As it is, it doesn’t matter how many arrests according to the book the police make, if there are credible allegations of torture against them (or the army), these will contaminate the record and defile the force. This would be so even if we were indeed only talking about a few rogue policemen. As it is, however, what the administration is refusing to acknowledge is that this is not a problem of a few “rotten eggs,” but a systemic problem. This is not the same thing as to say that there are not “many, many good policemen and soldiers,” as the President says, who do their duty every day in difficult circumstances. What it does mean is that if you create a framework where the boundaries are unclear, human rights abuses will occur, and possibly otherwise normal people in uniform will do unthinkable things. Under former President Bush, ends certainly came to justify means in the ‘war against terror,’ an approach that informed the interrogation procedures in Guantánamo Bay, among other places. It made possible Abu Ghraib too, a subject on which the PPP has never been reticent about offering its comments.

The ruling party has a long history in office of refusing to condemn gross transgressions on the part of the police – the notorious ‘Black Clothes’ unit being one of the more egregious examples of this. Then there were the government associations with a drug dealer in confronting the crime wave a few years ago; this was a man associated with numerous murders, we are told. In other words, the administration has attempted to deal with its crime problem in a way that lacked moral context and defied the rule of law.
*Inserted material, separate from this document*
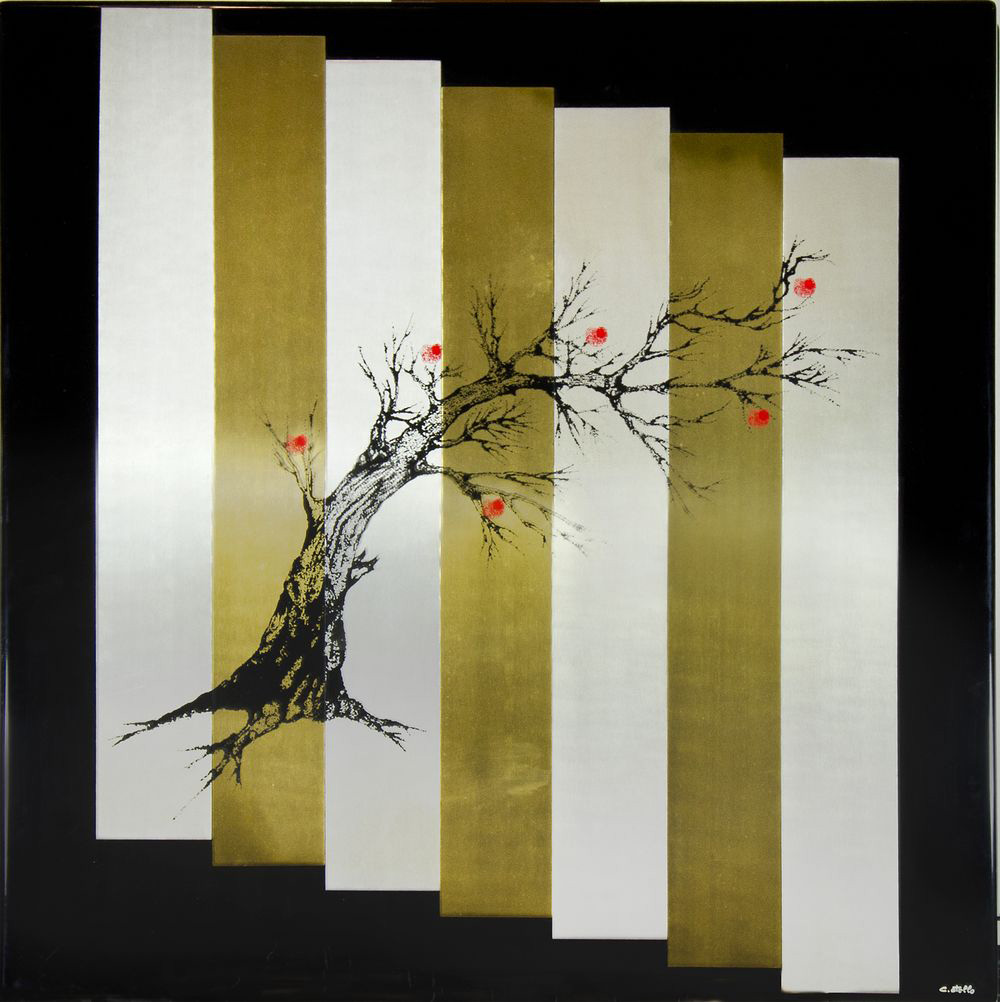 Studio EF: lotto composto da lampada da tavolo e pannello da parete con applicazioni. Disegno di O. Ciullini, anni '70.

The reluctance to relinquish the ‘ends justify means’ approach was exemplified by Mr Ally in his current Mirror piece, when he wrote:

“One must, however, strike a balance between the rights of individuals and the methods and procedures used in the extraction of statements from persons accused of committing crimes… The Standing Orders dictate that the Police, by virtue of office, have been given certain powers… [they] must not abuse prisoners, although for good and sufficient reasons, they can use some measure of force which must be reported and documented. Criminals are not likely to give information to the police freely and voluntarily… Hence, the provision in the Standing Orders authorizing the Police to use some force in the extraction of confession statements.”
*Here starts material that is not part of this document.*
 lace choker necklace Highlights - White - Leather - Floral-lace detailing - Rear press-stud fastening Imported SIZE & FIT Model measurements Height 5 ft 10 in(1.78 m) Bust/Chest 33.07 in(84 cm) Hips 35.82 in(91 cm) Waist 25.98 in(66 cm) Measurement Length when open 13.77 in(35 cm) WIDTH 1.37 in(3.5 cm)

Certainly there was no suggestion by the Commissioner of Police that force could be used in the “extraction” of confession statements when he read excerpts from the Standing Orders to the media last week, so what is Mr Ally talking about? Is this just what he thinks the Standing Orders should be, rather than what they are? If there is some ambiguity in the orders, then that needs to be clarified, and if not, Mr Ally’s misperception should be immediately corrected, although it must be conceded that the general climate in which the security services carry out their operations is created not by the Standing Orders, but by the political masters in the land.
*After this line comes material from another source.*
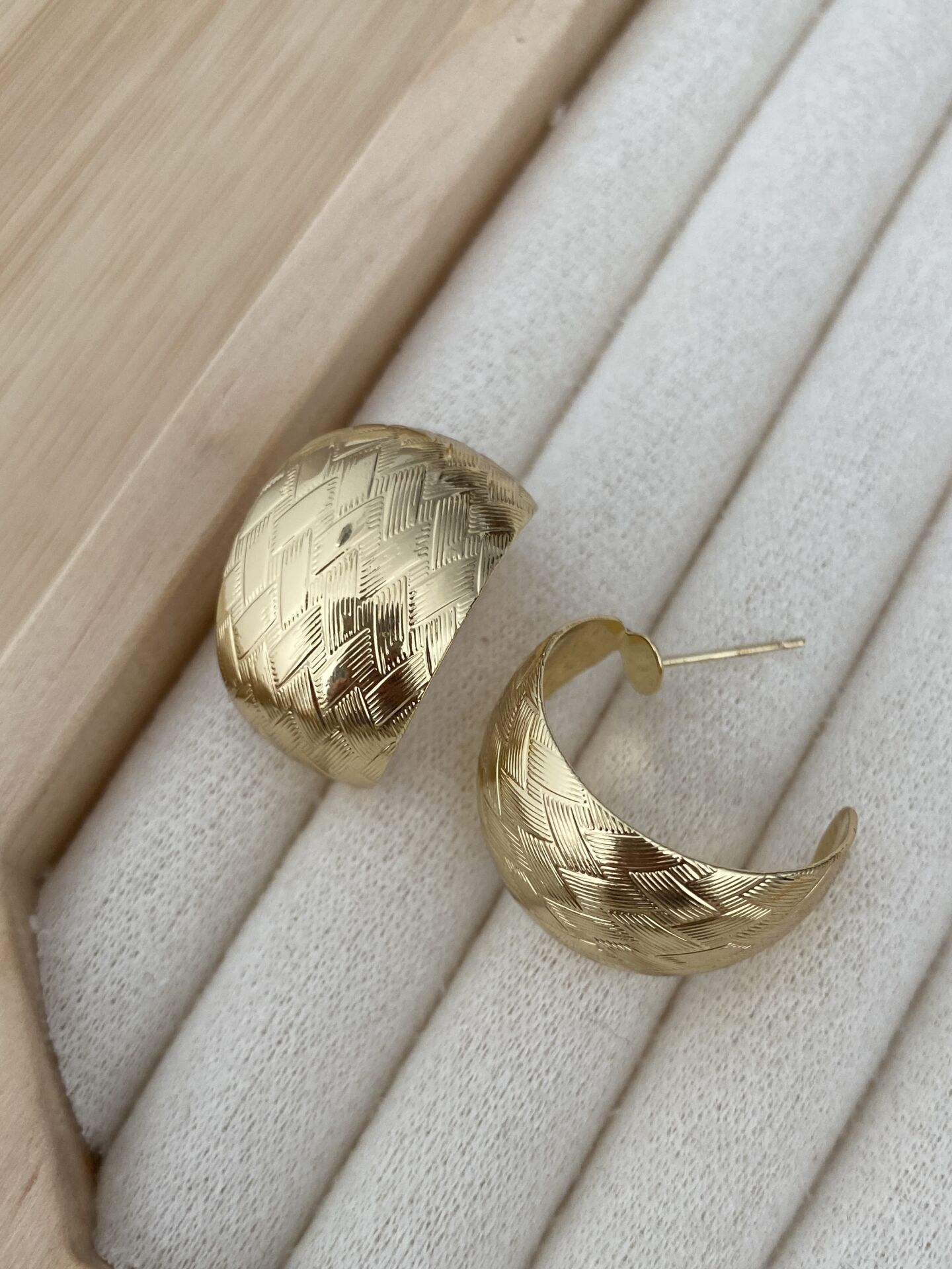 Lazer Kesim Dokulu Bombeli Sepet Yarım Halka Küpe

President Jagdeo attempted to suggest in an insidious fashion that the manual on human rights drawn up by the Guyana Human Rights Association and used by police recruits was inadequate for the purpose, and that foreign assistance in this area should be sought. This is testimony to a refusal to confront the real nature of the problem. It does not matter how good a manual is; as said above, if the framework within which the police are operating is flawed or ambiguous or not underpinned by ethical considerations, then there will be abuses. In short, until the heavy hand of politics is removed from the police; until they are allowed to function as a professional body rather than responding to the priorities as perceived by the political masters; until they can build up some esprit de corps again and take pride in the Force and their ability to solve crime; and until they really do operate with the Standing Orders as their “bible,” as Commissioner Greene put it, it will be difficult to stamp out the habit of beating confessions out of suspects, and in the case of some members of the services, torturing them in other ways as well.